Artigo da Irmã Lucia Moscatelli sobre a saída das Irmãs de Gênova

Artigo da Irmã Lucia Moscatelli sobre a saída das Irmãs de Gênova

Gostaria de compartilhar uma experiência que tive: o fim da presença das Irmãs Gianellinas em Gênova. Foi aqui, na antiga Casa Provincial, que fui acolhida como aspirante, em 17 de outubro de 1957.

Eu tinha acabado de completar treze anos e cheguei de Stradella, acompanhada pela Madre Marcella Botti. Em meio ao verde dos pomares, da vinha e dos jardins bem cuidados, o complexo Gianellino, que incluía a Casa Provincial, a residência das Irmãs professoras e o novo prédio da Escola, pareceu-me cheio de luz e ar fresco. A vida ali era simples e familiar. As Irmãs Gianellinas haviam se estabelecido aqui em 1900. Uma Sede Provincial era necessária para administrar as partidas para a América e as chegadas de lá. Além disso, havia necessidade urgente de instalações mais espaçosas, tanto para o Noviciado quanto para a Escola. Na cidade, nossas Irmãs haviam, inicialmente, estabelecido uma Casa de Formação e uma Escola, adaptando-se a diversos locais temporários — em Carignano, na Via Serra e na Via Mondonuovo — enquanto confiavam a São José a busca por um local ideal.

Em 1897, começaram as obras de adaptação da Villa Airoli, localizada na Paróquia de S. Fruttuoso.

A planta previa a igreja no centro, a ala para as Irmãs Professas à direita e o Aspirantado, o Noviciado, a Cozinha e os Refeitórios à esquerda. No edifício localizado a Sudeste da Vila, ficam as moradias das Religiosas Professoras e as Salas de Aula. Estão, temporariamente, instaladas no mesmo prédio, aguardando o início do Projeto para uma nova construção.

Estamos falando de mais de um século de História, de Projetos criados para atender às necessidades da Região.

Recentemente, os Frades já haviam deixado o Santuário de Nossa Senhora do Monte. Nós também partimos no final de julho. E nesses casos, são sempre os Pobres que sofrem primeiro, muitos dos quais recebiam, diariamente, uma refeição quente, pão e comida, palavras e gestos de amizade.
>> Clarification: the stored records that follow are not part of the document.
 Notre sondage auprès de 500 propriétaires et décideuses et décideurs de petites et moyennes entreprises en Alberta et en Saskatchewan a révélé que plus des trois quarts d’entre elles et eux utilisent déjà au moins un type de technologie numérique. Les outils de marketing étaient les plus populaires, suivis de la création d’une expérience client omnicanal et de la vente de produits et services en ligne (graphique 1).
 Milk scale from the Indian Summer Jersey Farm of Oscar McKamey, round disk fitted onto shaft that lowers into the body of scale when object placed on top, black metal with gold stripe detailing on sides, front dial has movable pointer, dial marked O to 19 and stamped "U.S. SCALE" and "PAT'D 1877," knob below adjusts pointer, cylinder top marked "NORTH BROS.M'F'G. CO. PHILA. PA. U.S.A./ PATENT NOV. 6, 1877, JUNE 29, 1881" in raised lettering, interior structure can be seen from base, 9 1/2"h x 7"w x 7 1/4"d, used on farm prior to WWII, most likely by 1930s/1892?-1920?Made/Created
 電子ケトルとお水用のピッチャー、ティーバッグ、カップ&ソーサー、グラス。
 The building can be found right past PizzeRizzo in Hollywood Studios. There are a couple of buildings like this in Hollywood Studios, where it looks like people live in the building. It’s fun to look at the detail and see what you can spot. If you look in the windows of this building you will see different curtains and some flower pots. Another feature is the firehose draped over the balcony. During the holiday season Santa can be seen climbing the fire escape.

Abrimos a igreja para a Santa Missa aos domingos e feriados. A pandemia e a redução do número de Religiosas interromperam essas aberturas. Lamento que as pessoas se sintam abandonadas, como um rebanho sem pastor. Apesar da indiferença em relação aos valores cristãos, elas são afetadas pela perda dessas presenças e tradições.
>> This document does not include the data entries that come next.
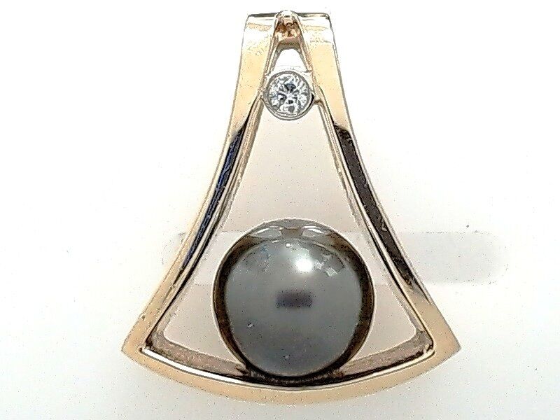 Lady’s Yellow 14 Karat Tahitian Pearl Pendants With One = Round Diamond And One = 10.00Mm Tahitian Pearl 8.35 grams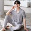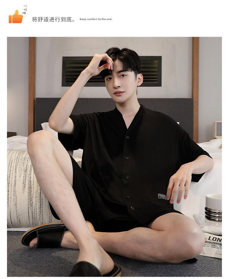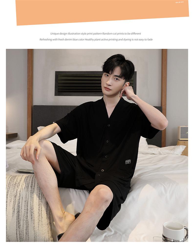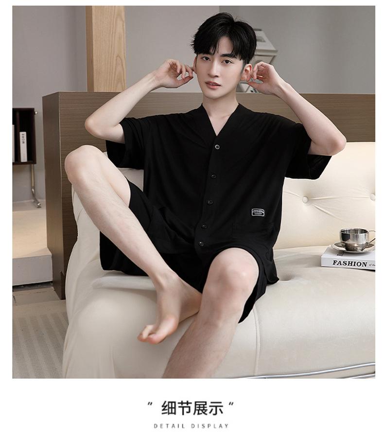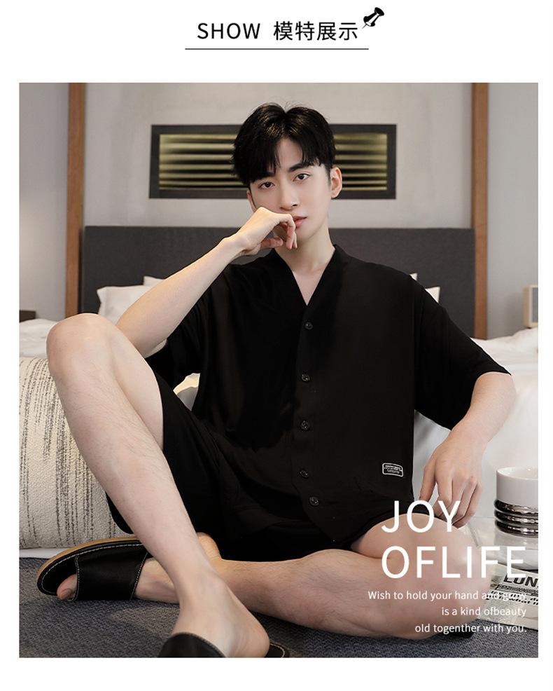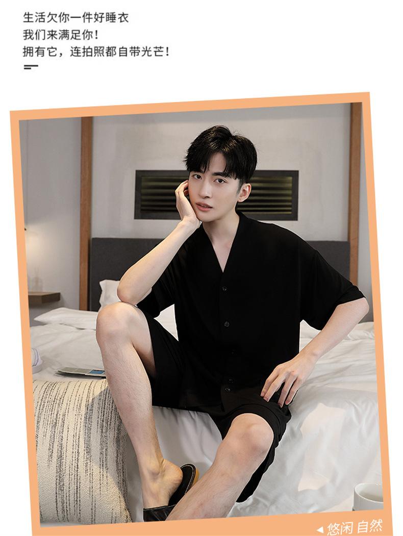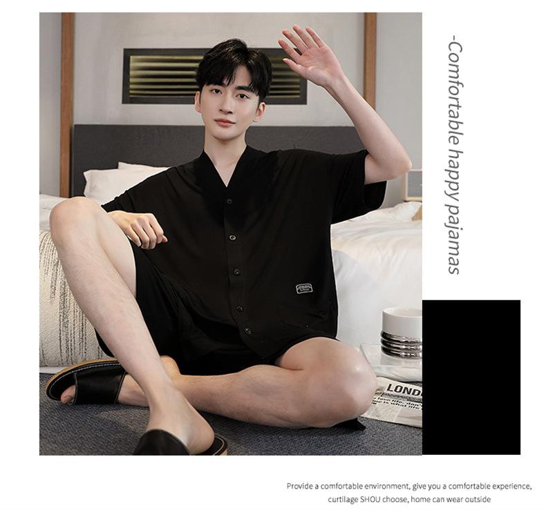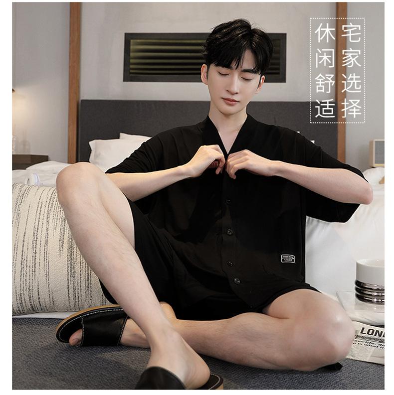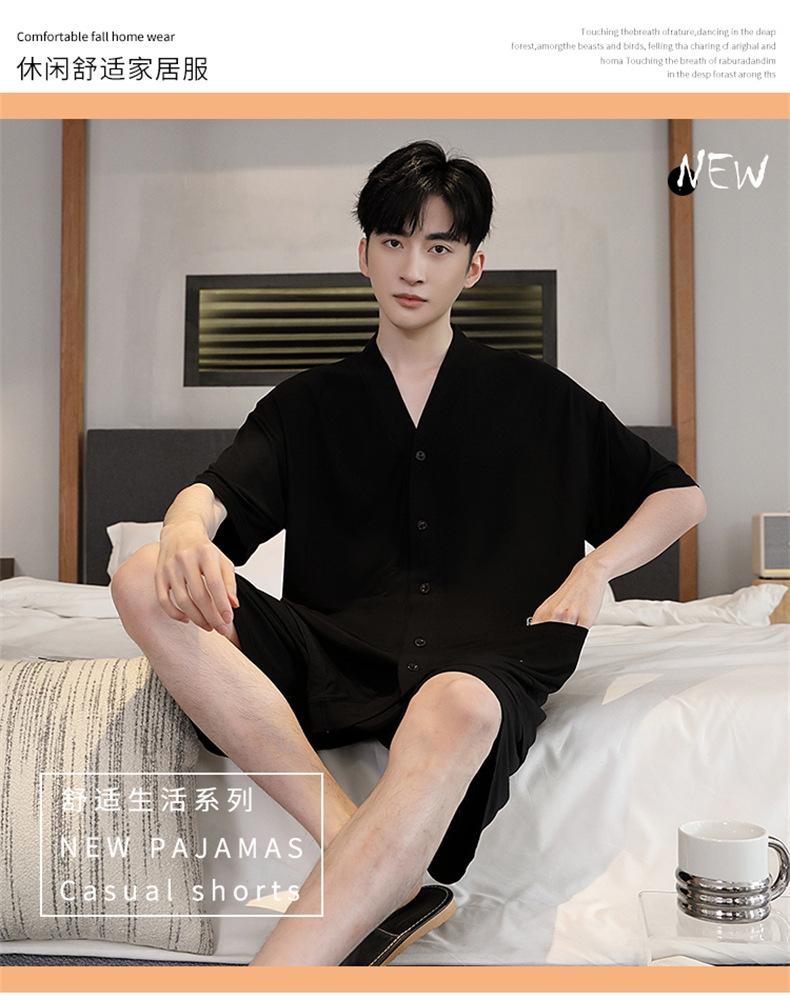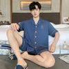 Pijama de verano para hombre, cárdigan de manga corta, pantalones cortos, nuevo, fino, de talla grande, ropa de casa juvenil de verano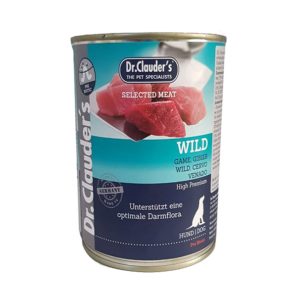 کنسرو سگ دکتر کلادرز با طعم گوشت شکاری Dr Clauder’s Wild سرشار از انواع پروتئین های حیوانی شامل ماهیچه، اردک و خوک با عطر و طعم بسیار لذیذ است.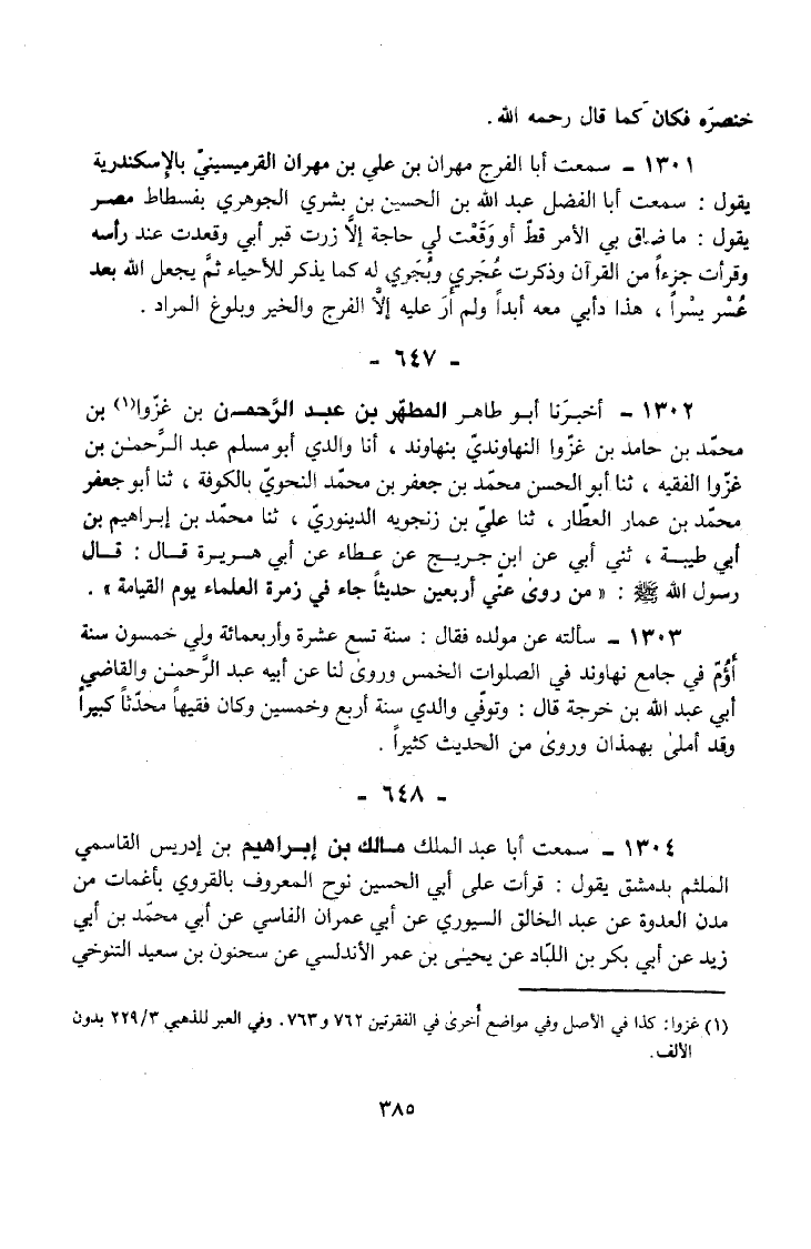 1303 - سَأَلْتُهُ عَنْ مَوْلِدِهِ فَقَالَ سَنَةَ تِسْعٍ عشرَة وَأَرْبَعمِائَة وَلِي خَمْسُونَ سَنَةً أَؤُمُّ فِي جَامِعِ نُهَاوَنْدَ فِي الصَّلَوَاتِ الْخَمْسِ وَرَوَى لَنَا عَنْ أَبِيهِ عَبْدِ الرَّحْمَنِ وَالْقَاضِي أَبِي عَبْدِ اللَّهِ بْنِ خَرْجَةَ قَالَ وَتُوُفِّيَ وَالِدِي سَنَةَ أَرْبَعٍ وَخَمْسِينَ وَكَانَ فَقِيهًا مُحَدِّثًا كَبِيرًا وَقَدْ أَمْلَى بِهَمَذَانَ وَرَوَى مِنَ الْحَدِيثِ كَثِيرًا.

Deixamos o prédio disponível para Serviços Sociais e Pastorais para aqueles que precisam, o que nos dá esperança de que o espírito de Santo Antônio Gianelli continue a habitar aqui.

Nossa Santa ……, tão preocupada em atender às necessidades das pessoas aqui na Terra, não será esquecida no Céu.

Até o fim, desfrutei desta Casa com gratidão, amor e respeito, sentindo-me próxima das Irmãs que foram santificadas aqui por fazerem o Bem aos outros, mas também com saudade da beleza simples e acolhedora do passado, tão fortemente contrastada com seu atual estado de deterioração.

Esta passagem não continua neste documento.